The French Open is normally held in the spring, in the May-June window. Due to the Coronavirus pandemic though, the French Tennis Federation (FFT) decided to reschedule it to last week of September, in autumn.

“The conditions are really heavy,” Knowles says. “There has been some discussion that the balls are a bit heavier this year, but it’s hard to tell because the conditions are a lot different than what it would have been like in the spring. We’ve had tons of rain, so the clay is really clumpy and slow because of the moisture.”


Due to the conditions, the clay tends to stick to the ball when it bounces, making the ball heavier. As a result, a player would need to generate more power to play a shot from the baseline.

For that power, you need a little more time to load into a shot, and so there’s a slight push further behind the baseline in order to get the precious split-second. At the same time though, moving backwards makes it that much more difficult to spring forward to retrieve a drop shot when suddenly summoned.


Has there been an increase in the amount of clay used?

The clay courts at the French Open are covered with two millimetres of red brick dust (clay). This year however, due to the damp conditions with the rain, ground-staff have to add more clay to negate the moisture.

More clay added means a greater amount of cushioning on the surface.

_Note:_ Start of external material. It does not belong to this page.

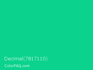 Decimal 7817110 Color is a normal green color and the nearest color is Caribbean Green #00cc99. Hex code #0bd28c and RGB value is rgb(11,210,140). In RGB color space, this color is composed of 4% red, 82% green, 55% blue, In CMYK color space, this color is composed of 95% cyan, 0% magenta, 33% yellow , 18% black , In HSL color space, this color has a hue angle of 159° , 90% saturation and 43% lightness.
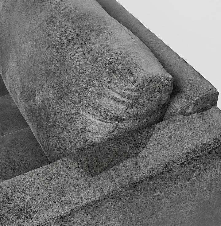 Sofá con bastidor fabricado en madera sólida de pino, que garantiza resistencia y durabilidad. Su base de acero proporciona estabilidad y un estilo moderno, mientras que el tapizado en espuma de alta densidad y tela de calidad asegura confort y elegancia.

And the greater the cushioning results in the heavier ball staying low on the bounce – ideal for the drop shot.

“I think in these conditions the ball is bouncing super low, so it’s even tougher to get it back,” said 2017 French Open champion Jelena Ostapenko after her win over second seed Karolina Pliskova in the second round.

“(The drop shot is) useful because the bounce is much lower because it’s much colder this year.”